>>

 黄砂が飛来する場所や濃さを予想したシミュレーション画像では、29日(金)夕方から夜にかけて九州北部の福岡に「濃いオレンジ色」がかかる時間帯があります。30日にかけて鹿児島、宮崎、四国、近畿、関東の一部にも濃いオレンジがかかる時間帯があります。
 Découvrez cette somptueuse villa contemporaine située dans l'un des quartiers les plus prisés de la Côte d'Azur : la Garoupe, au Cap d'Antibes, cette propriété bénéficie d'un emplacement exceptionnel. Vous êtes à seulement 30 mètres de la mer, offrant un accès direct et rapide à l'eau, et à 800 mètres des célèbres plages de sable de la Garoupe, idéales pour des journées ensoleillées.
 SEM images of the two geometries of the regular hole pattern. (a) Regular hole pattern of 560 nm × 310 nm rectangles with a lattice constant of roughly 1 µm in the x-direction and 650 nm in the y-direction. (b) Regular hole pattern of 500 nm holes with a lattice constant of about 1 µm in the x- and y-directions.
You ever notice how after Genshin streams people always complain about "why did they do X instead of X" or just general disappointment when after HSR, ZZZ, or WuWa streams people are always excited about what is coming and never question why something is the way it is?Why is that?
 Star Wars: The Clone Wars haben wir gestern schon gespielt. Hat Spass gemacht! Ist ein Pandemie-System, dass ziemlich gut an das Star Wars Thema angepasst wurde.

<<
>>

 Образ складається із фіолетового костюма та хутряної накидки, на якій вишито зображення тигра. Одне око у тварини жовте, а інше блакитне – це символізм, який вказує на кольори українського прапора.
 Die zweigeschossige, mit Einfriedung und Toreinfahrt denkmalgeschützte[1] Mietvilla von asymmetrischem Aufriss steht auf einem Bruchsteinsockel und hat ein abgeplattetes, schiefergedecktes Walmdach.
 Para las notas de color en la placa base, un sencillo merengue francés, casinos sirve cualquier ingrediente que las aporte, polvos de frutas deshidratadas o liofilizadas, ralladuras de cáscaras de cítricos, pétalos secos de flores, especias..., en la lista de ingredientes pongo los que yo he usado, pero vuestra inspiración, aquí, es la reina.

<<

Everything in the material above from the line that has "黄砂が飛来する場所や濃さを予" through the line that has "Découvrez cette somptueuse" must be duplicated exactly, with no other lines given.

 黄砂が飛来する場所や濃さを予想したシミュレーション画像では、29日(金)夕方から夜にかけて九州北部の福岡に「濃いオレンジ色」がかかる時間帯があります。30日にかけて鹿児島、宮崎、四国、近畿、関東の一部にも濃いオレンジがかかる時間帯があります。
 Découvrez cette somptueuse villa contemporaine située dans l'un des quartiers les plus prisés de la Côte d'Azur : la Garoupe, au Cap d'Antibes, cette propriété bénéficie d'un emplacement exceptionnel. Vous êtes à seulement 30 mètres de la mer, offrant un accès direct et rapide à l'eau, et à 800 mètres des célèbres plages de sable de la Garoupe, idéales pour des journées ensoleillées.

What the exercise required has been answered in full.